Sarah A. Hurvitz, MD: HER2-positive breast cancer is a unique subtype. Generally the way we look at breast cancer as a whole is, we generally group them based on expression of receptors. There is hormone receptor-positive breast cancer, HER2-positive breast cancer—which can have hormone receptor coexpressions, 50% to 60% of the cases—and then there is triple-negative breast cancer, which lacks hormone receptor expression as well as HER2.

HER2 breast cancer is unique not only in its aggressive behavior, but also the fact that even though we have a lot of successes in the metastatic setting for the treatment of it with HER2-targeted therapy, patients still have their disease progress. We need new therapies to treat this disease.

Another unique unmet need and challenge in the management of HER2-positive metastatic breast cancer is the occurrence of CNS [central nervous system] metastases, both in the brain parenchyma, and then an even worse challenge to manage is leptomeningeal carcinomatosis.

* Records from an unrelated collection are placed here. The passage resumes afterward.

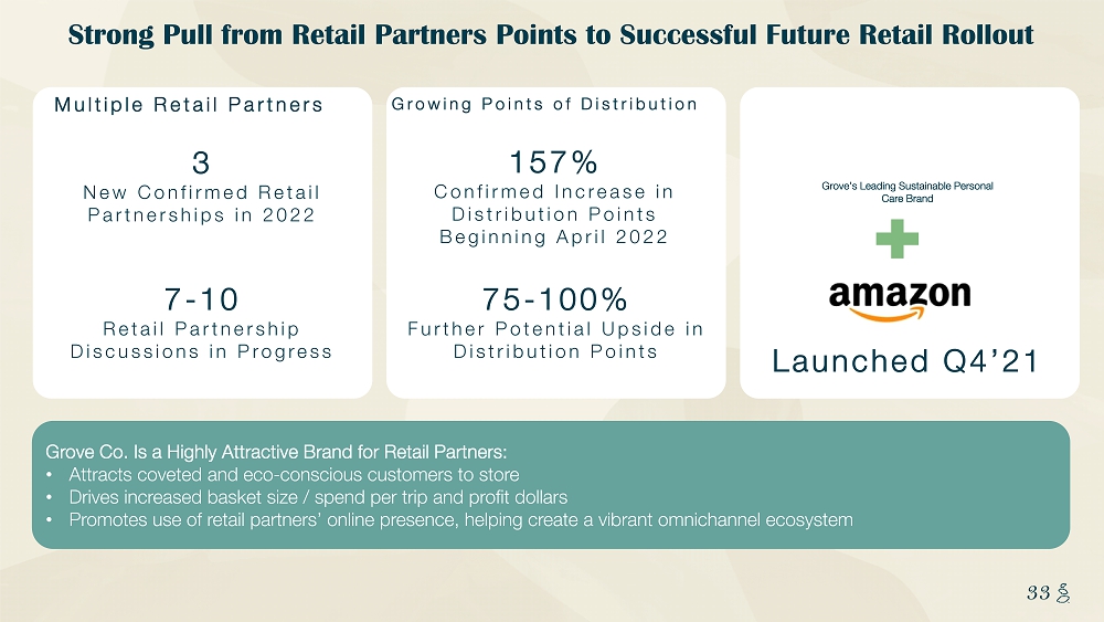 NOTES START FROM HERE AND GROW UP CONTENT BELOW THIS LINE CONTENT BELOW THIS LINE SUBTITLE BELOW THIS LINE TITLE CAN NOT GO ABOVE THIS LINE 33 33 Strong Pull from Retail Partners Points to Successful Future Retail Rollout Grove Co. Is a Highly Attractive Brand for Retail Partners: • Attracts coveted and eco - conscious customers to store • Drives increased basket size / spend per trip and profit dollars • Promotes use of retail partners’ online presence, helping create a vibrant omnichannel ecosystem Multiple Retail Partners 3 New Confirmed Retail Partnerships in 2022 7 - 10 Retail Partnership Discussions in Progress Growing Points of Distribution 157% Confirmed Increase in Distribution Points Beginning April 2022 75 - 100% Further Potential Upside in Distribution Points Launched Q4’21 Grove’s Leading Sustainable Personal Care Brand
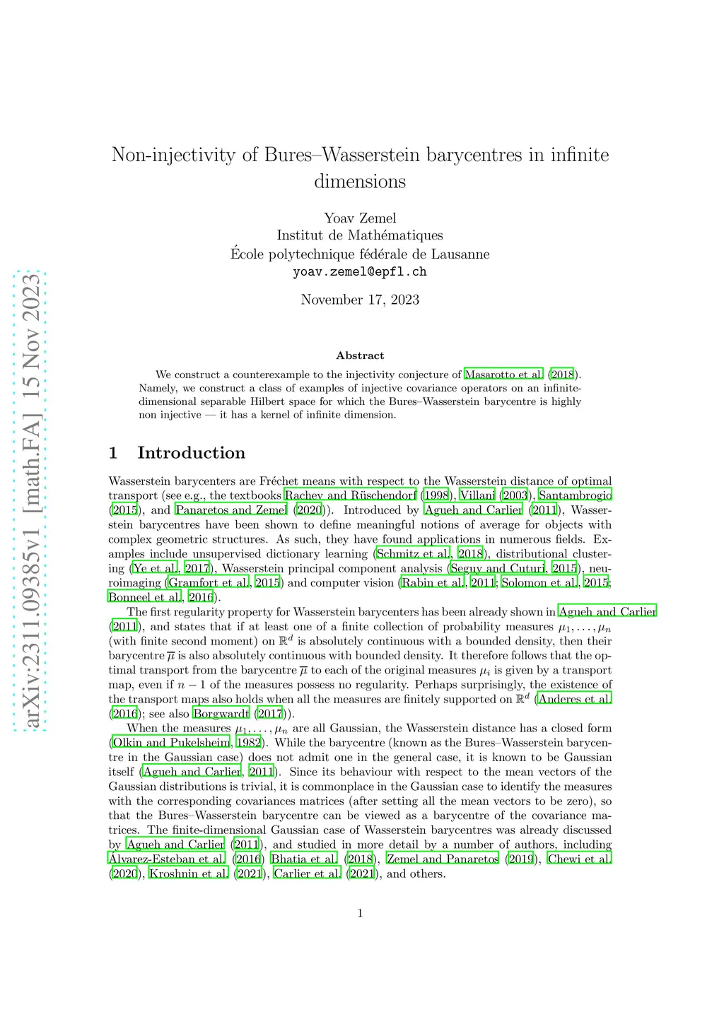 We construct a counterexample to the injectivity conjecture of Masarotto et al (2018). Namely, we construct a class of examples of injective covariance operators on an infinite-dimensional separable Hilbert space for which the Bures--Wasserstein barycentre is highly non injective -- it has a kernel of infinite dimension.
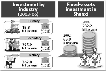 Updated: 2007-09-21 09:59 North China's Shanxi Province, which accounts for one-third of the nation's total coal output, has achieved rapid economic growth over the past four years as it develops its traditional industries and branches out into new areas. Investment in the province's key industries, including coal, coke, metallurgical and power, has increased 40 percent annually since 2003. Other industries in the province, such as chemicals, pharmaceuticals and construction machinery, have also seen increases of over 30 percent in investment, according to the National Bureau of Statistics (NBS).

Up to 50% of women with HER2-positive metastatic breast cancer will develop central nervous system metastases. This is an area that’s a huge unmet need because many of our molecules can’t traverse that blood-brain barrier and manage or improve outcomes within the brain for this complication.

When you compare the incidence rates of CNS metastases in HER2-positive breast cancer to that in hormone receptor-positive HER2-negative, hormone receptor-positive breast cancer has a lower incidence overall. It does happen, but it tends to be later in the course of the disease. Of course, triple-negative breast cancer has its own unmet need because it, too, has a higher risk of CNS metastases.

The current management for CNS metastases is primarily local regional therapy, which means whole brain radiation, stereotactic radiation, and sometimes surgical resection. These can be associated with a lot of morbidities for patients, and certainly can’t be repeated in perpetuity for patients who have recurrences in the brain. It is so important for us to identify and develop molecules that patients can take as pills or intravenously that cross that blood-brain barrier and impact the control of disease within the central nervous system.